What needs to be done — Your answer should repeat exactly the lines from the one holding "A entrega dos" through the end of the data, and it should contain no pictures.

[Dataset items]
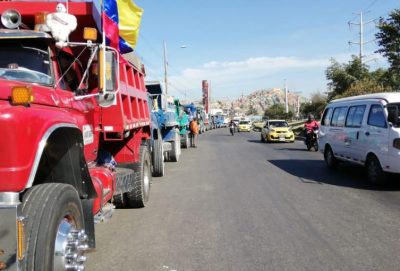 Al amanecer nuevamente algunos sectores de Bogotá bloqueados por los camioneros, se afecta la movilidad...
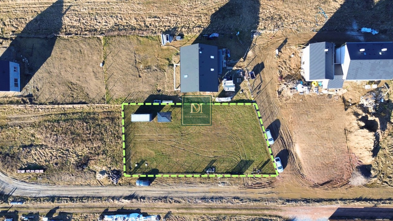 Dojazd do działki drogą gruntową. Sąsiednie działki zabudowane budynkami jednorodzinnymi.
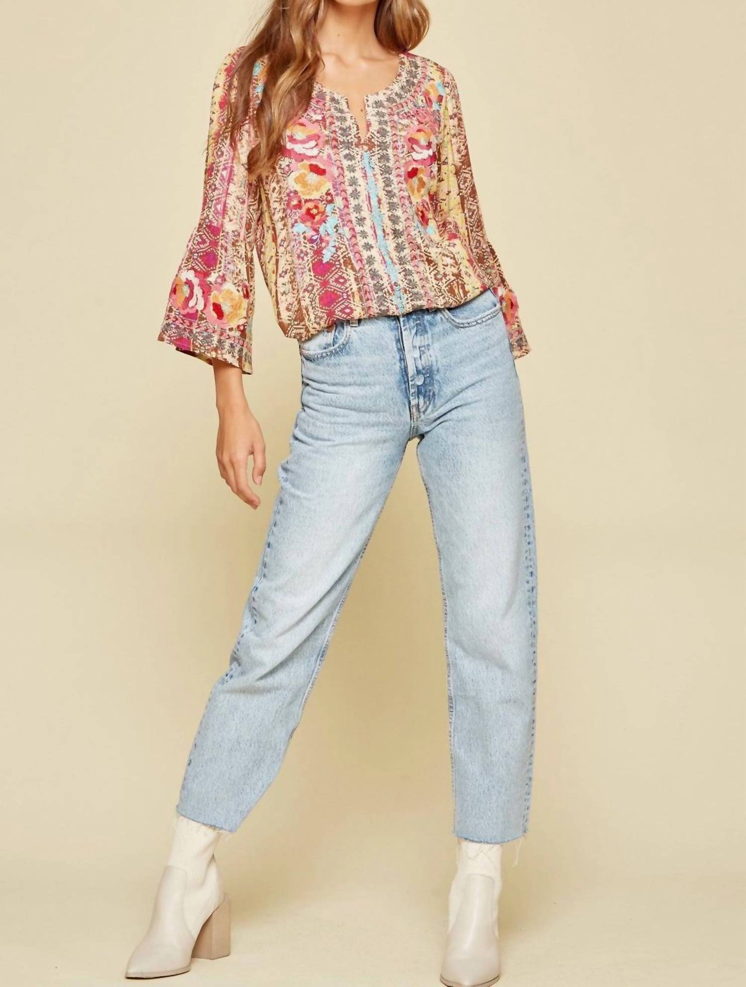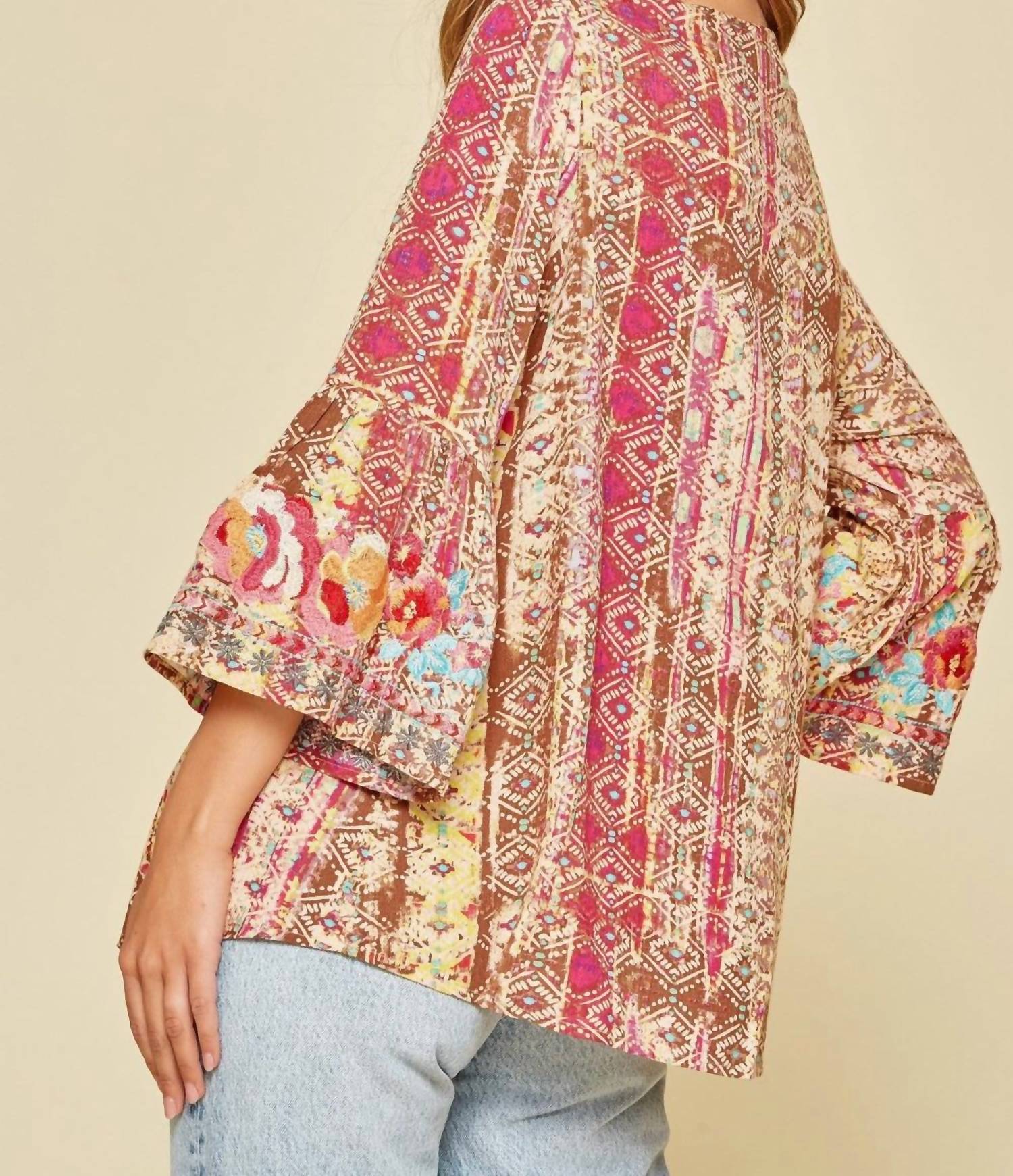 A versatile blouse that works from desk to dinner! Discover the South Beach Embroidered Top by ANDREE BY UNIT, a vibrant addition to your boho chic wardrobe. This three-quarter sleeve blouse boasts colorful embroidery and a split V-neckline, crafted from 100% woven rayon for a relaxed, flowy fit. The top reaches a garment length of 29 inches, and features a convenient pull-on closure. Care for your garment with a simple hand wash while enjoying its uniquely patterned, multicolor design.
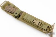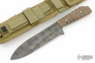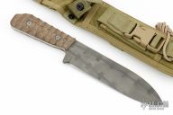 This knife by Duane Dwyer features a bead blasted blade with Concertina Razor Wire pattern on blade, .252" blade stock and 1.745" blade depth, full tang construction. The handle has natural canvas micarta scales. Comes with a nylon Eagle Industries sheath. Has a couple light scuffs, otherwise excellent condition.
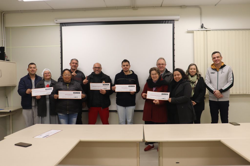 A entrega dos donativos ocorreu na tarde de sexta-feira (05), no campus da Faccat, e contou com a participação de uma entidade de cada um dos seis municípios do Paranhana, e também com as presenças da gerente do Sesc/Taquara, Fabiane Luiz Oliveira, e do secretário de Orçamento e Finanças de Taquara, Douglas Márcio Kaiser.
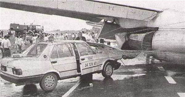 Yola doğru çıkan uçak o sırada oradan geçmekte olan 34 TJV 62 plakalı ticari taksiye çarptı. 90'lı yılları bilirsiniz Tofaş Kuş Grubu otomobiller ucuz değildi ve birçok ailenin hayali sayılırdı. Fakat oradan geçen talihsiz Tofaş Şahin taksi uçağın gazabına uğradı. Olayda ölen veya ağır yaralanan olmadı. Taksi ve taksinin müşterisi de hafif sıyrıklar ile kurtuldu. Tofaş pert olurken, yaşlı 707'nin iniş takımları kırıldı. Olayın ardından 05-23 pistinde tekrar bir düzenleme yapıldı. (Pistin o dönemki adı 06-24)
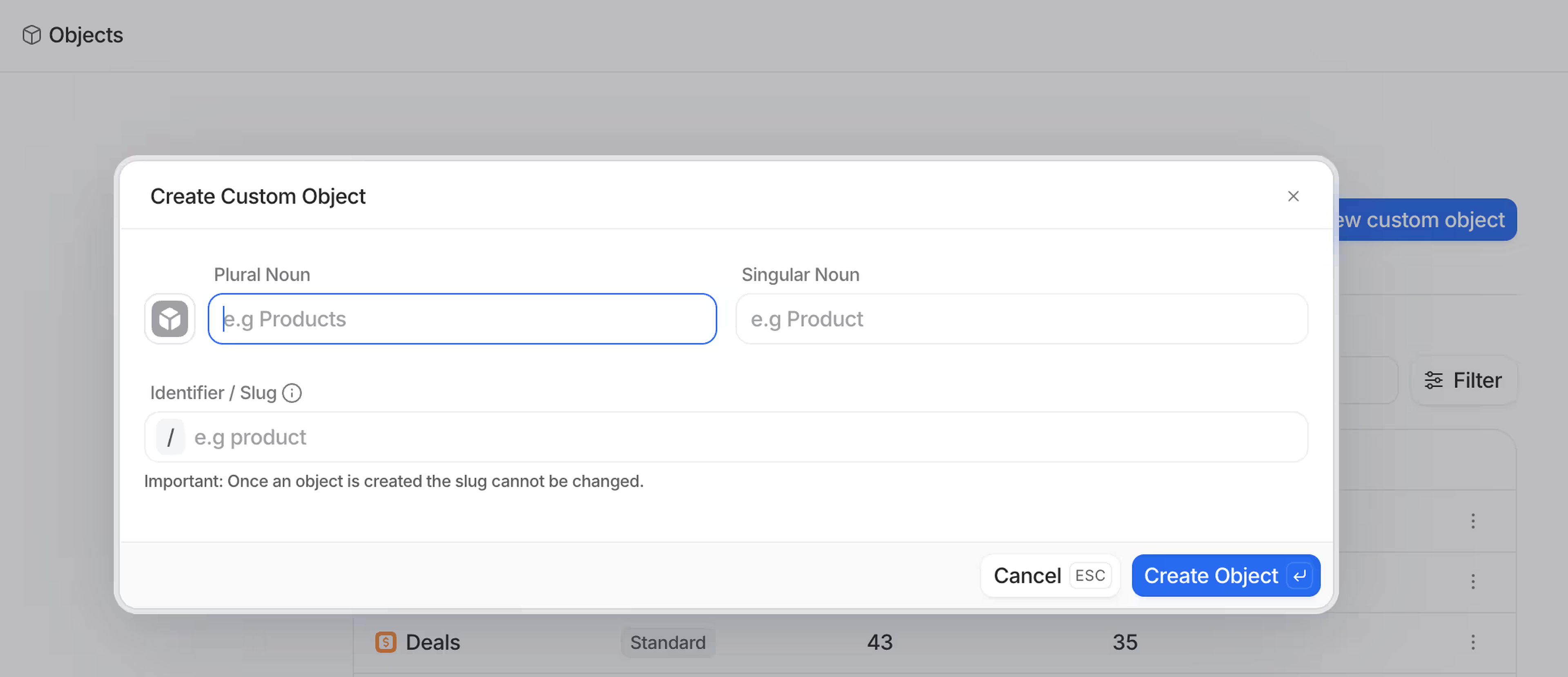 Note: Custom objects are only available on Pro and Enterprise plans. Learn more about plans and pricing.
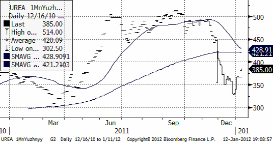Nedan ser vi 1 månads terminspris på Urea fob Uyzhnyy. Priset har fallit kraftigt under hösten. En botten noterades vid årsskiftet på lite drygt 325 dollar per ton, men har sedan snabbt rekylerat upp till 385 dollar.
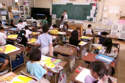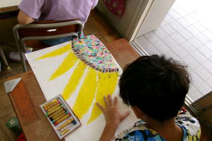 1年生の図工では、夏の花「ひまわり」をテーマに絵を描きました。
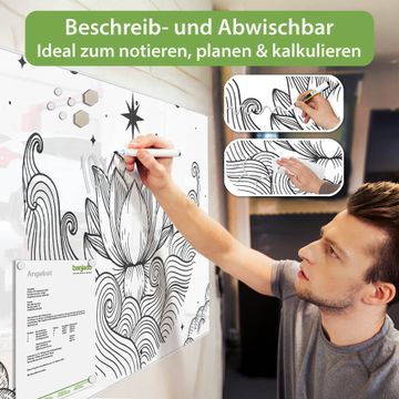 Die banjado Glas Magnettafel mit dem Motiv Motiv Lotus und Mondphasen 2 verbindet Funktionalität mit Stil. Sie ersetzt das Zettelchaos durch klare Strukturen und bringt dabei eine warme, natürliche Atmosphäre in Ihr Zuhause. Ob im Büro, in der Küche oder im Eingangsbereich - dieses Design-Board zieht Blicke an und sorgt für Ordnung mit Charakter.
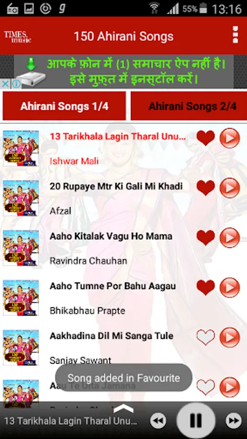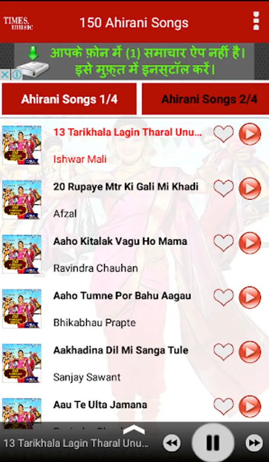 3. Featuring 150 Ahirani Songs. Once Streamed Song can be played in OFFLINE Mode also.
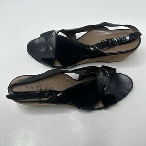ANYI LU Made in ITALY BlLACK PATENT LEATHER WEDGE SANDAL MADE in ITALY SIZE 41 M
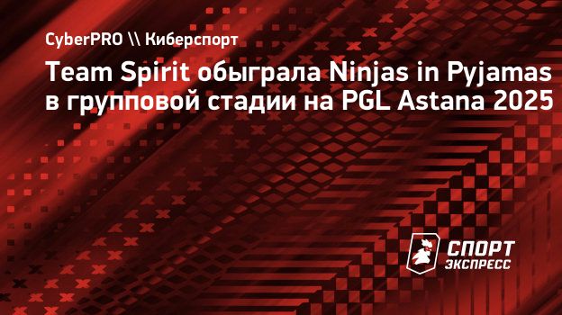 В матче второго раунда группового этапа PGL Astana 2025 по CS2 команда Team Spirit одержала победу над Ninjas in Pyjamas со счетом 2:0. Игры прошли на картах Train (16:13) и Dust2 (13:4). Эта победа стала второй для команды Леонида chopper Вишнякова на чемпионате.
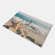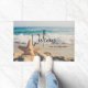 Welcome doormat with a scenic photo. A big starfish set upright on a sandy beach. A beautiful blue sea with waves of white surf in the background.

Reply —
 A entrega dos donativos ocorreu na tarde de sexta-feira (05), no campus da Faccat, e contou com a participação de uma entidade de cada um dos seis municípios do Paranhana, e também com as presenças da gerente do Sesc/Taquara, Fabiane Luiz Oliveira, e do secretário de Orçamento e Finanças de Taquara, Douglas Márcio Kaiser.
 Yola doğru çıkan uçak o sırada oradan geçmekte olan 34 TJV 62 plakalı ticari taksiye çarptı. 90'lı yılları bilirsiniz Tofaş Kuş Grubu otomobiller ucuz değildi ve birçok ailenin hayali sayılırdı. Fakat oradan geçen talihsiz Tofaş Şahin taksi uçağın gazabına uğradı. Olayda ölen veya ağır yaralanan olmadı. Taksi ve taksinin müşterisi de hafif sıyrıklar ile kurtuldu. Tofaş pert olurken, yaşlı 707'nin iniş takımları kırıldı. Olayın ardından 05-23 pistinde tekrar bir düzenleme yapıldı. (Pistin o dönemki adı 06-24)
 Note: Custom objects are only available on Pro and Enterprise plans. Learn more about plans and pricing.
Nedan ser vi 1 månads terminspris på Urea fob Uyzhnyy. Priset har fallit kraftigt under hösten. En botten noterades vid årsskiftet på lite drygt 325 dollar per ton, men har sedan snabbt rekylerat upp till 385 dollar.
 1年生の図工では、夏の花「ひまわり」をテーマに絵を描きました。
 Die banjado Glas Magnettafel mit dem Motiv Motiv Lotus und Mondphasen 2 verbindet Funktionalität mit Stil. Sie ersetzt das Zettelchaos durch klare Strukturen und bringt dabei eine warme, natürliche Atmosphäre in Ihr Zuhause. Ob im Büro, in der Küche oder im Eingangsbereich - dieses Design-Board zieht Blicke an und sorgt für Ordnung mit Charakter.
 3. Featuring 150 Ahirani Songs. Once Streamed Song can be played in OFFLINE Mode also.
ANYI LU Made in ITALY BlLACK PATENT LEATHER WEDGE SANDAL MADE in ITALY SIZE 41 M
 В матче второго раунда группового этапа PGL Astana 2025 по CS2 команда Team Spirit одержала победу над Ninjas in Pyjamas со счетом 2:0. Игры прошли на картах Train (16:13) и Dust2 (13:4). Эта победа стала второй для команды Леонида chopper Вишнякова на чемпионате.
 Welcome doormat with a scenic photo. A big starfish set upright on a sandy beach. A beautiful blue sea with waves of white surf in the background.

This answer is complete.